> [Assignment]: A line below contains "16 © WILLCO", and a later one contains "Available for pre-order". Repeat both, with every line between them, exactly.

> [Data for this exercise]:
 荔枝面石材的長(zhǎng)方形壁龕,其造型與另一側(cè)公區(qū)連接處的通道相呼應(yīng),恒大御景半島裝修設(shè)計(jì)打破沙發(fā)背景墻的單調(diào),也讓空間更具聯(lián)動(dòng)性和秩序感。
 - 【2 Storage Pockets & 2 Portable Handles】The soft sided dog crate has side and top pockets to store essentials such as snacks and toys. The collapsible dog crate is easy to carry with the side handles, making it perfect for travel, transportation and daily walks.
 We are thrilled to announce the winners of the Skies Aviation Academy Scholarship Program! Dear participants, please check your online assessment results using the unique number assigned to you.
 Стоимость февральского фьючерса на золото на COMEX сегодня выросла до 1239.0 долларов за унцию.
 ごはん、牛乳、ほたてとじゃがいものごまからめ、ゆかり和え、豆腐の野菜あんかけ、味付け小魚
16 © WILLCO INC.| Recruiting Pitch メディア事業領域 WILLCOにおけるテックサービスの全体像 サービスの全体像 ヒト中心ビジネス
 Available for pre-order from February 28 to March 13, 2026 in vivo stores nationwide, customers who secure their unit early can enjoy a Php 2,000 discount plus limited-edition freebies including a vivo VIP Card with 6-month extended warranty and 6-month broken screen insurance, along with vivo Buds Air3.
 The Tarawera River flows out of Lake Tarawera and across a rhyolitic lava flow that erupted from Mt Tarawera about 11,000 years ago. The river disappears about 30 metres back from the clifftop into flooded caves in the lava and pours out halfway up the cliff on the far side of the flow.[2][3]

* * *

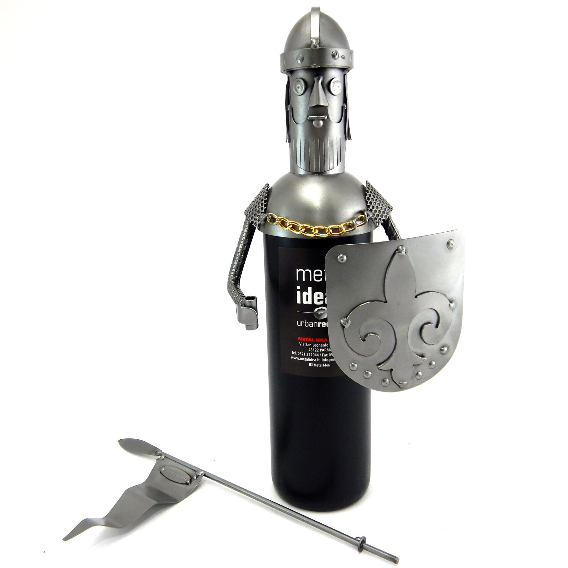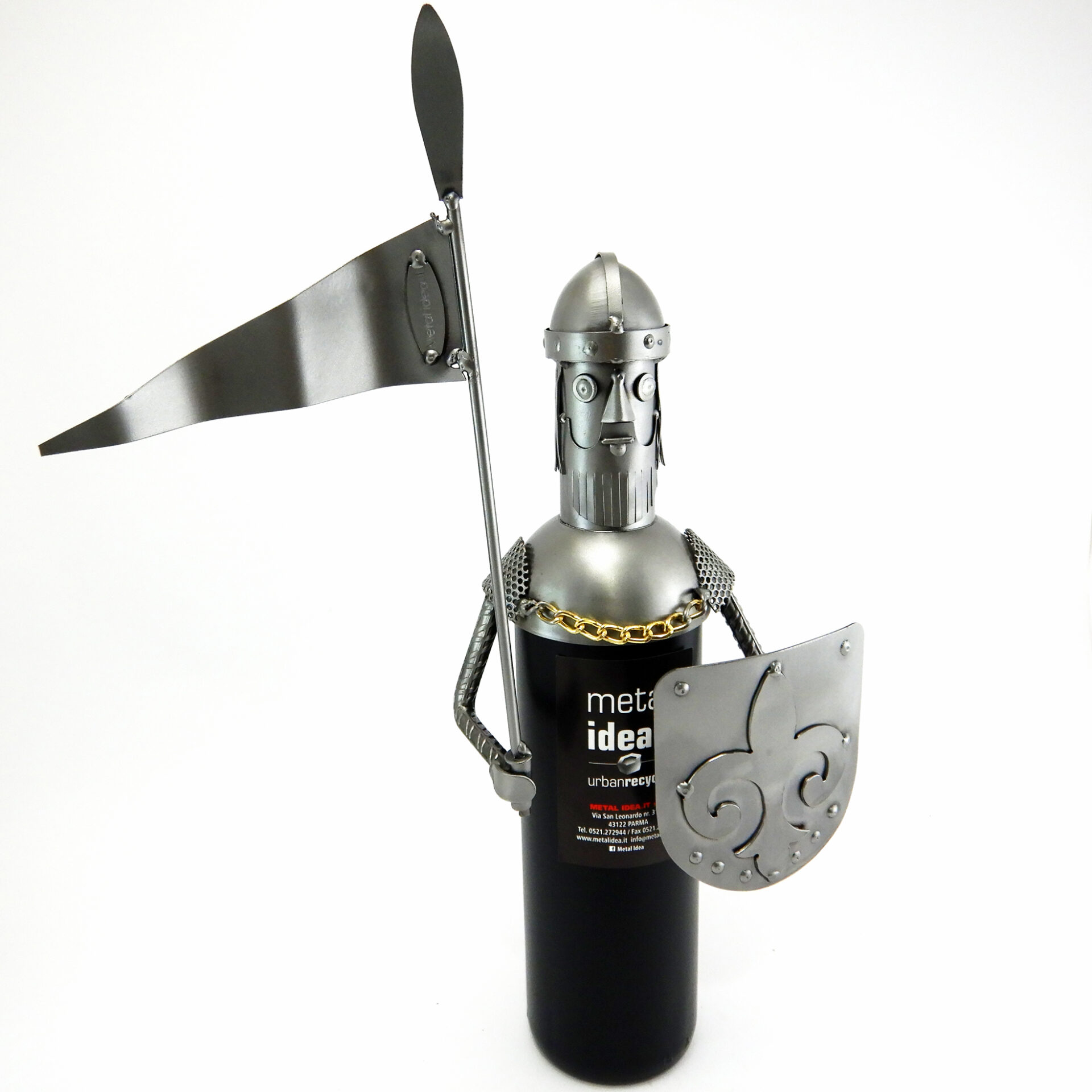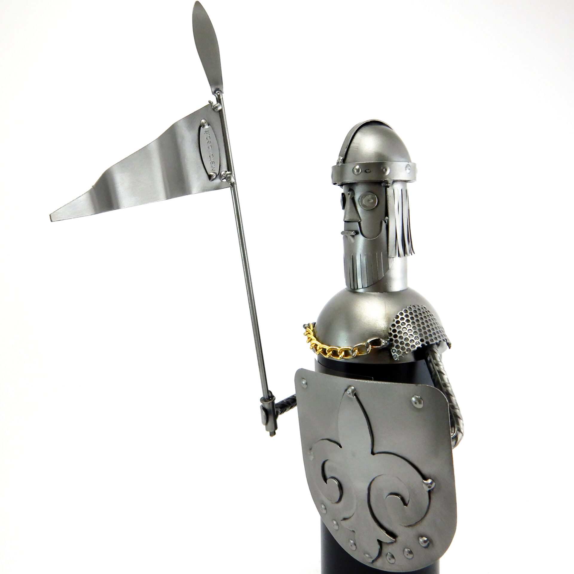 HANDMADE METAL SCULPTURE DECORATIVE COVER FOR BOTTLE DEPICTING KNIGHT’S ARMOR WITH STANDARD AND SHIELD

> [Problem solution]:
16 © WILLCO INC.| Recruiting Pitch メディア事業領域 WILLCOにおけるテックサービスの全体像 サービスの全体像 ヒト中心ビジネス
 Available for pre-order from February 28 to March 13, 2026 in vivo stores nationwide, customers who secure their unit early can enjoy a Php 2,000 discount plus limited-edition freebies including a vivo VIP Card with 6-month extended warranty and 6-month broken screen insurance, along with vivo Buds Air3.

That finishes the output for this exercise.